During the spacecraft's orbital adjustment process, mission controllers used some of its instruments to perform the first observations at different distances from Venus - a few hours at a time from six different positions between April 12 and April 19.

Those observations produced images of a huge, double-eye atmospheric vortex over the south pole, not dissimilar from the equivalent structure present at the north pole - the only one previously studied in some detail.

Only glimpses of the stormy atmospheric behavior at the south pole were obtained by the Pioneer Venus and Mariner 10 missions, but such a double-eye structure never has been seen clearly before now.

High-velocity winds are known to spin westwards around the planet, and to take only four days to complete a rotation. This super-rotation, combined with the natural recycling of hot air in the atmosphere, would induce the formation of a vortex structure over each pole.

The question is why Venus is exhibiting two vortices.

"We still know very little about the mechanisms by which the super-rotation and the polar vortexes are linked," said Hakan Svedhem, ESA's Venus Express project scientist.

"Also, we are still not able to explain why the global atmospheric circulation of the planet results in a double and not single vortex formation at the poles," Svedhem added. "However the mission is just at the beginning and it's doing fine; we expect this and many other long-standing mysteries to be addressed and possibly solved by Venus Express."

Atmospheric vortexes are very complex structures that are very difficult to model, even on Earth. Thanks to these first pictures, it has also been possible to observe the presence of a collar of cold air around the vortex structure, possibly due to the recycling of cold air downwards.

Views of the Venusian southern hemisphere, taken in visible and ultraviolet light, show interesting atmospheric stripe-like structures. Spotted for the first time by Mariner 10 in the 1970s, they may be due to the presence of dust and aerosols in the atmosphere, but their true nature remains unexplained.

"Venus Express has the tools to investigate these structures in detail," Svedhem said. "Studies have already begun to dig into the properties of the complex wind fields on Venus, to understand the atmospheric dynamics on local and global scales."

Venus Express also made use for the first time ever from orbit of the so-called infrared windows present in the atmosphere of Venus - if observed at certain wavelengths, it is possible to detect thermal radiation leaking from the deepest atmospheric layers, revealing what lies beneath the dense cloud curtain situated at about 60 kilometers altitude.

The first infrared images making use of these windows show complex cloud structures, all revealed by the thermal radiation coming up from different atmospheric depths.

Venus Express also has compiled preliminary data about the chemical composition of the atmosphere. The planet's atmosphere is composed mainly of carbon dioxide. The incoming solar radiation dissociates this molecule into carbon monoxide (and oxygen in the upper atmospheric layers.

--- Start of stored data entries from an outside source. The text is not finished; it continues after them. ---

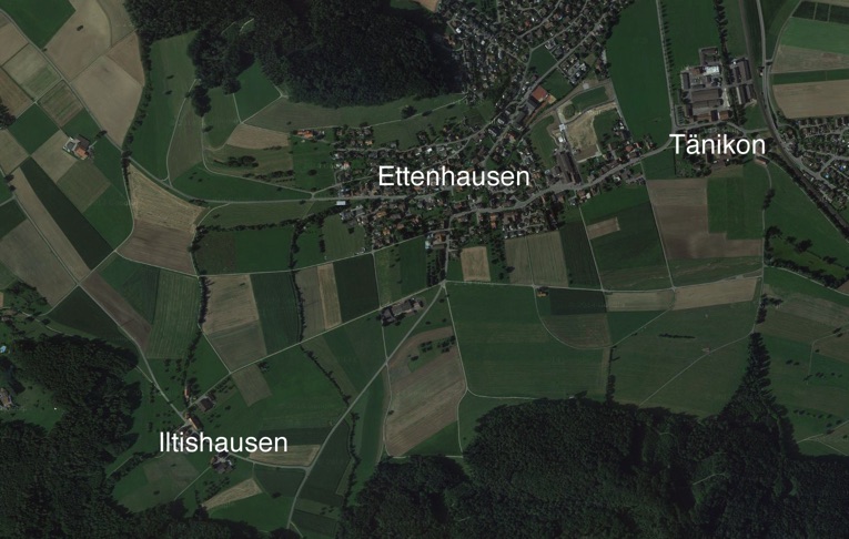 Ein Blick aus der Höhe zeigt deutlich wie sich Ettenhausen über die letzten 160 Jahre weiterentwickelt hat und heute faktisch mit Aadorf zusammengewachsen ist. Auch Tänikon ist mit den ehemaligen Anlagen der Eidg. Forschungsanstalt grösser, ist aber immer noch klar abgegrenzt von Ettenhausen und Guntershausen.
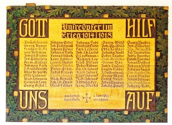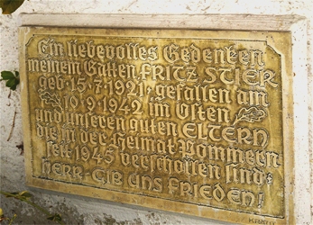 Gedenktafel für den 1. Weltkrieg an der Aussegnungshalle, Einzelgedenken an der Friedhofsmauer, Denkmal für beide Weltkriege oberhalb des Ortes.
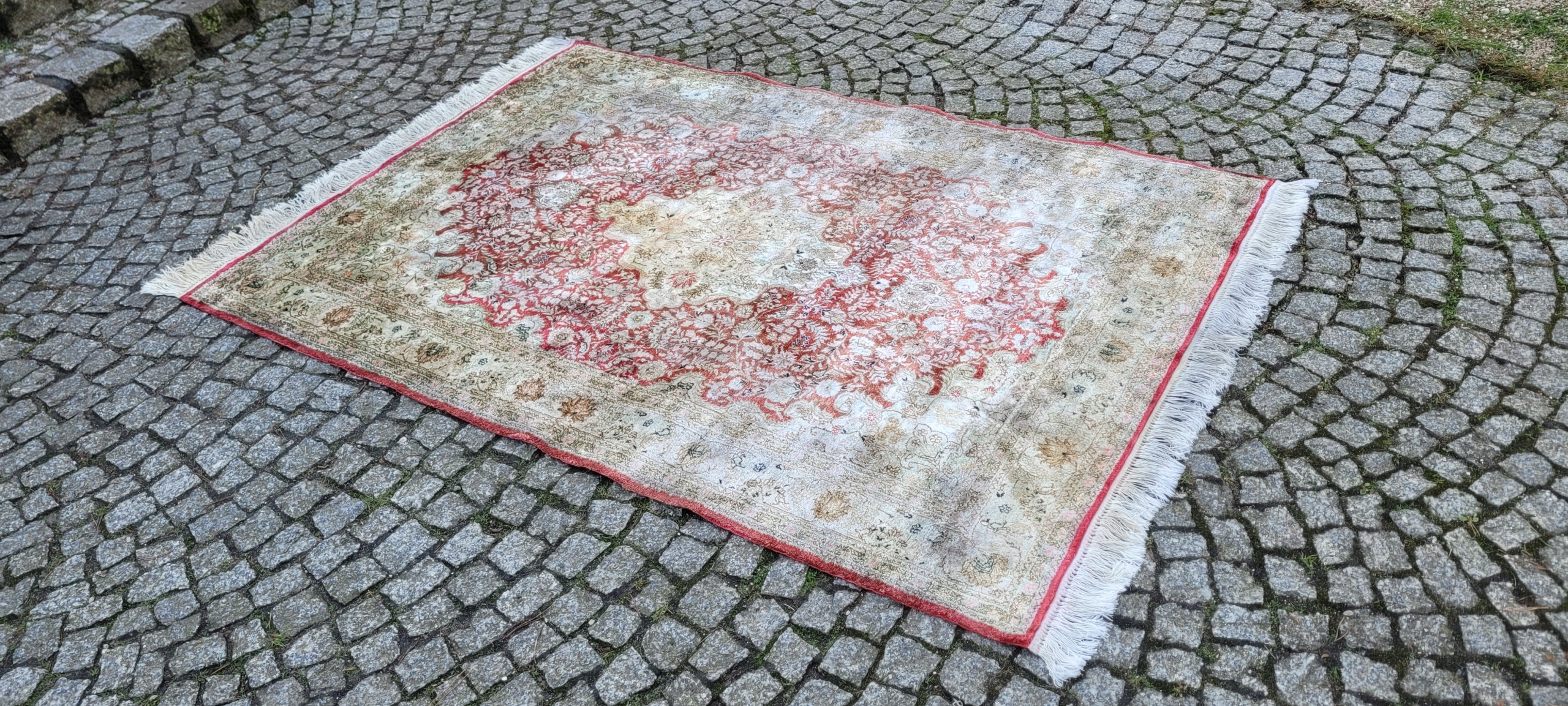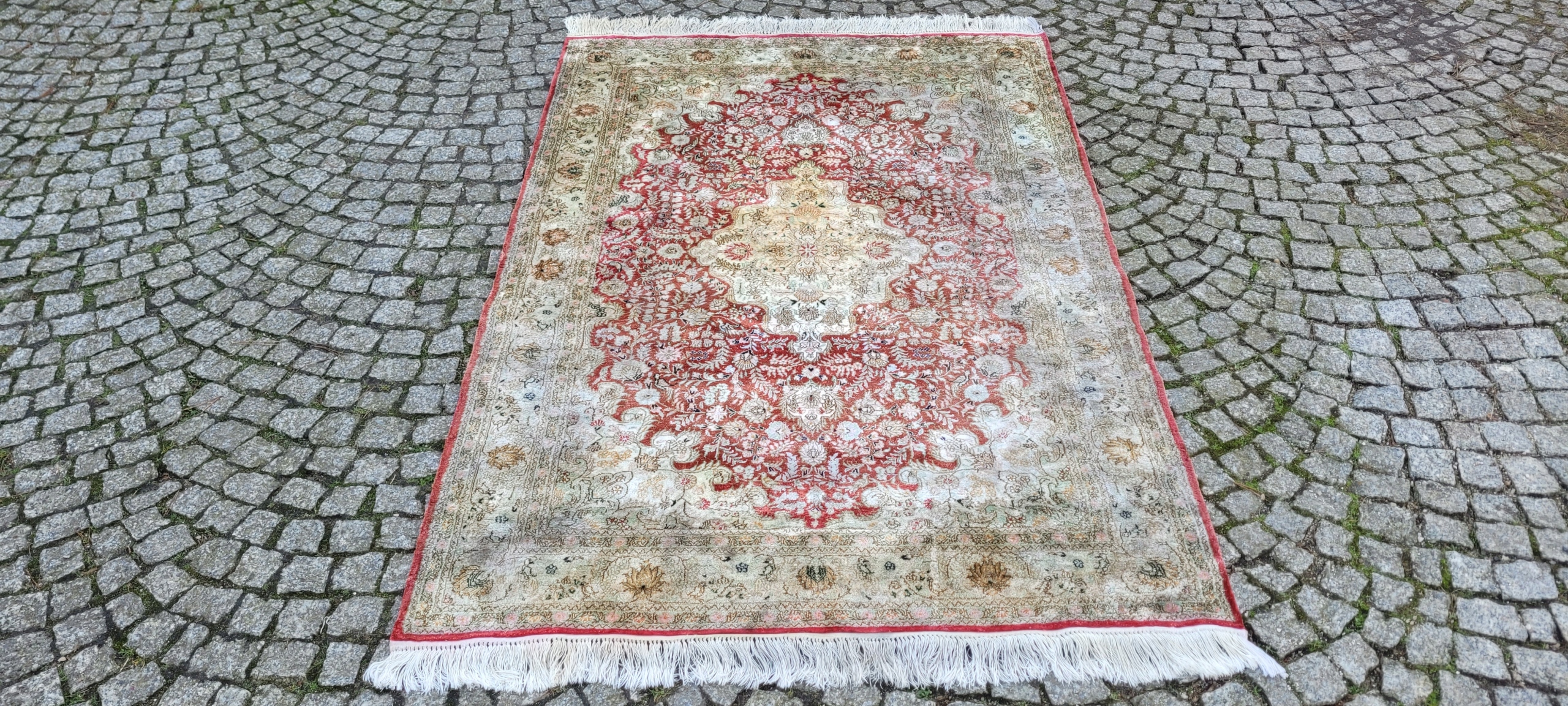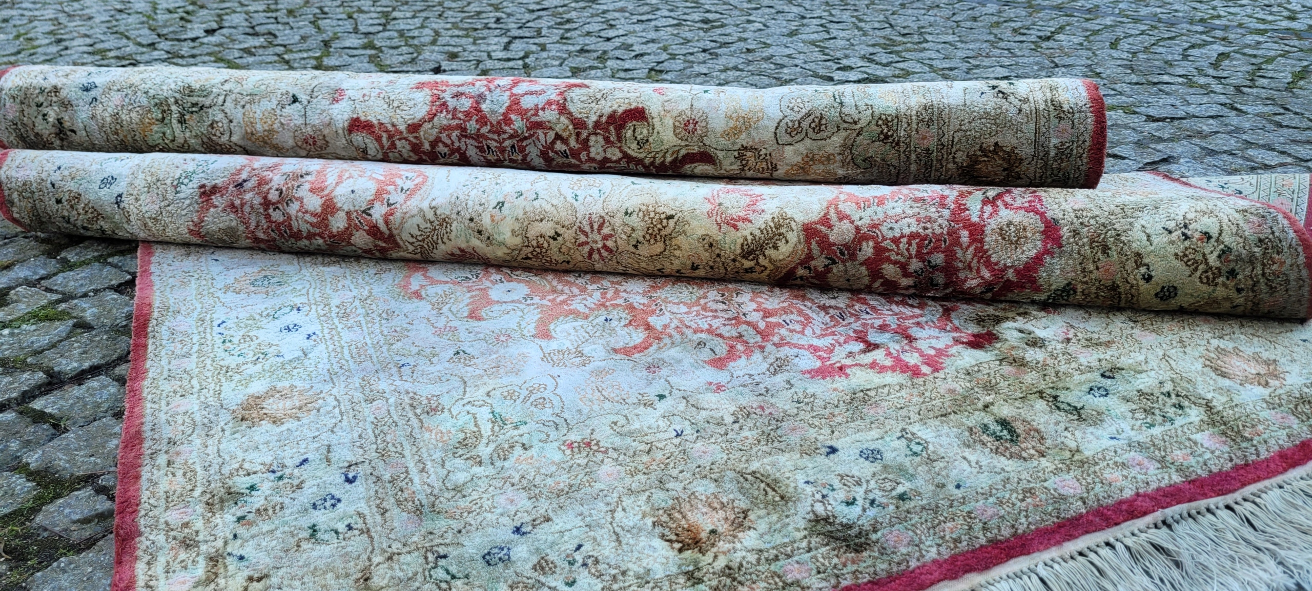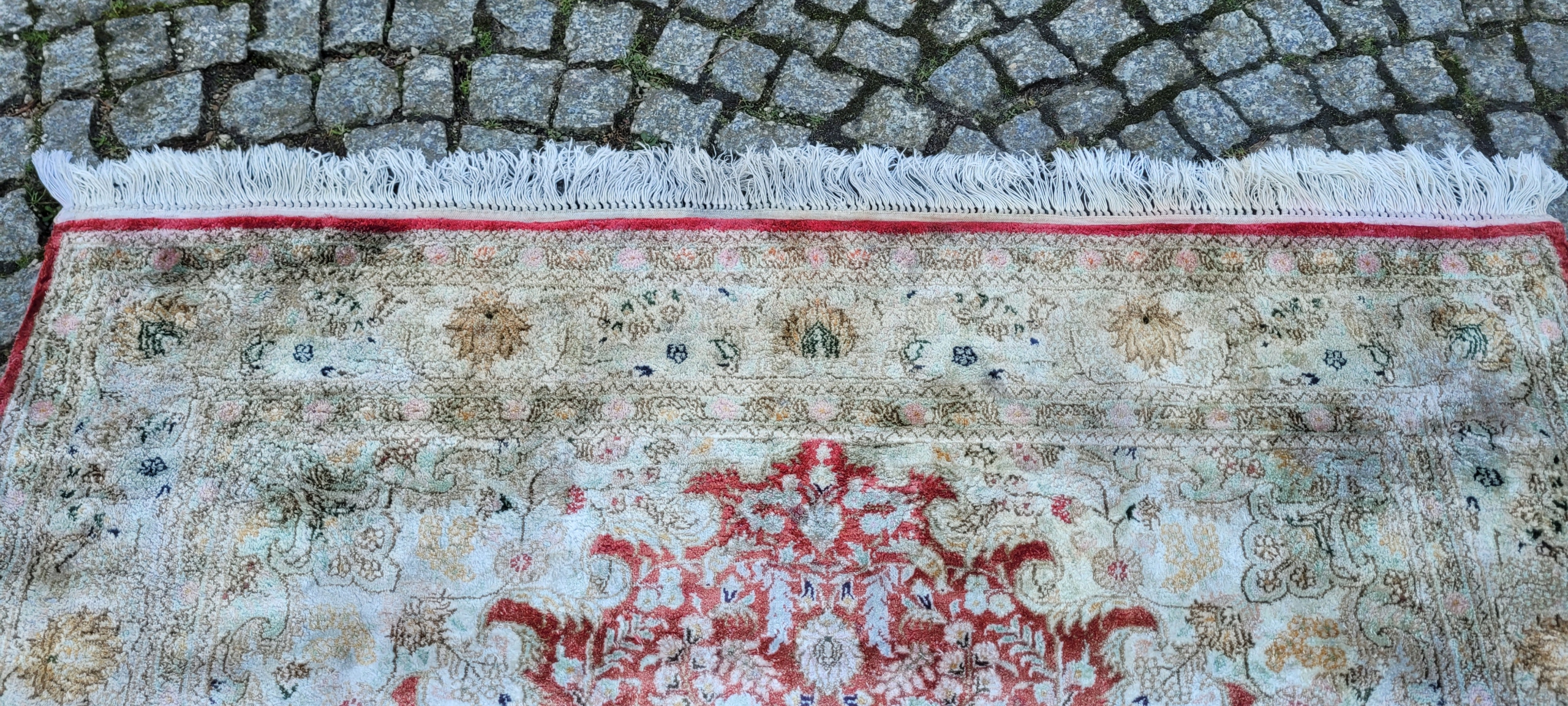 Індійський килим Ghom. Виготовлені вручну з вовни та шовку. Характеризується компактним, приємним на дотик, блискучим флісом і красивими кольорами та візерунками. Він у дуже хорошому стані, мінус видно на фотографіях.
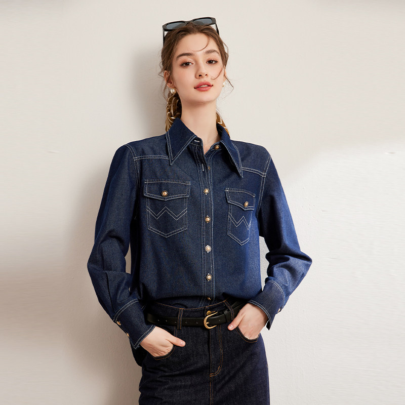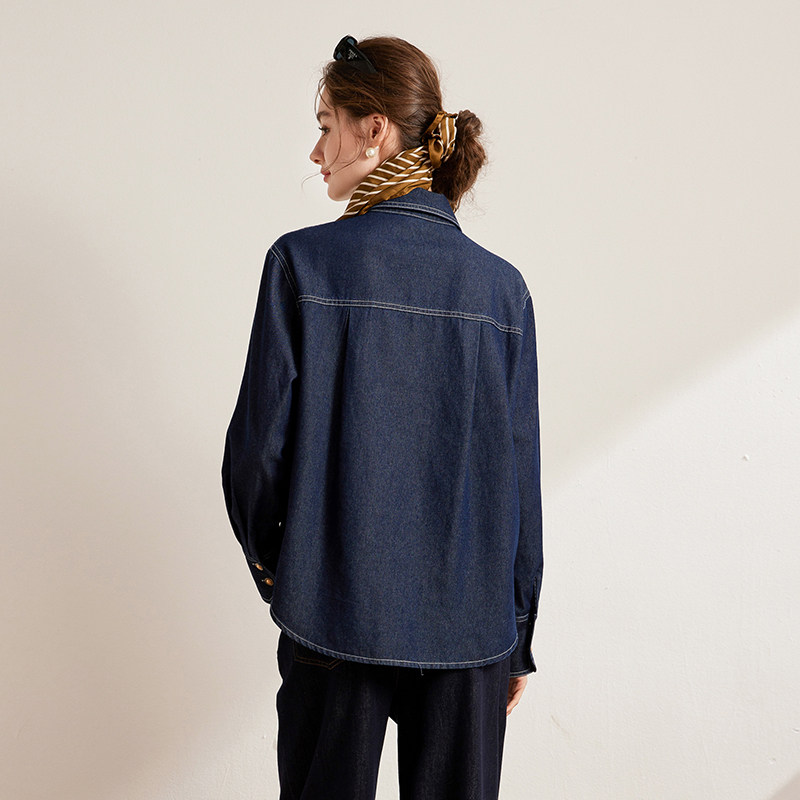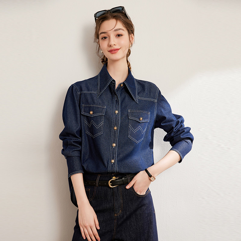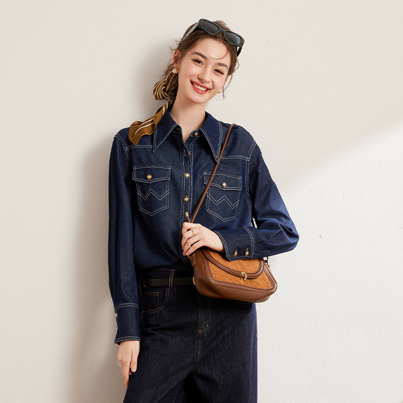 白鹿语撞色明线牛仔衬衣2025春季新款复古翻领单排扣长袖女式衬衫
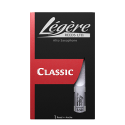 Caña sintética para Saxo Alto marca Légère modelo Standard con dureza de 3½. Las cañas Légère son cañas más duraderas que las tradicionales debido a que están construidas a partir de un material sintético (polímero no toxico) resistente a la humedad y a la temperatura ambiental. Además las cañas Légère se pueden desinfectar fácilmente con agua caliente y algún detergente suave.
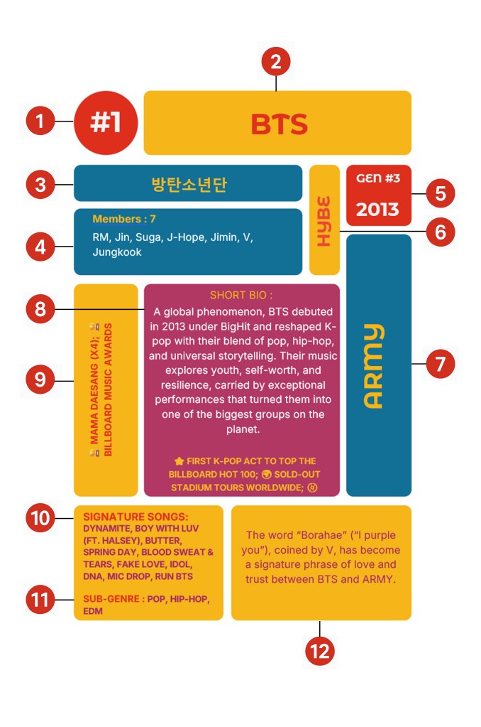 This beautifully crafted visual guide introduces 50 of the most influential groups and solo artists in the industry—BTS, BLACKPINK, NewJeans, Stray Kids, SEVENTEEN, aespa, LE SSERAFIM, and many more.
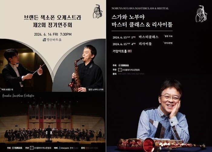 세계적인 악기 및 음향 전문기업 야마하뮤직코리아㈜(대표: 무쿠노 켄스케)가 오는 6월14~15일 영산아트홀과 거암아트홀에서 세계적인 색소폰 거장, ‘노부야 스가와’의 내한 공연을 주최한다.

Venus Express already has spotted the presence of an oxygen airglow high in the atmosphere. However, the spacecraft's instruments have revealed the presence of carbon monoxide as low as the cloud-layer top.

Scientists will continue the data analysis and retrieval to understand the phenomenon, which is very important to clarify the complex chemical processes and cycles at work in the atmosphere of Venus under the influence of solar radiation.

Since May 7, Venus Express has been circling the planet in its final 24-hour orbit, ranging between 66,000 kilometers and 250 kilometers (40,920 miles and 155 miles), so it is now closer to the planet that during its capture orbits.

Venus Express scientists are now analyzing the new data, which already show what seem to be exciting new features. "We have never seen Venus in such great detail so far, Svedhem said. "We are eagerly waiting for these new data to be available."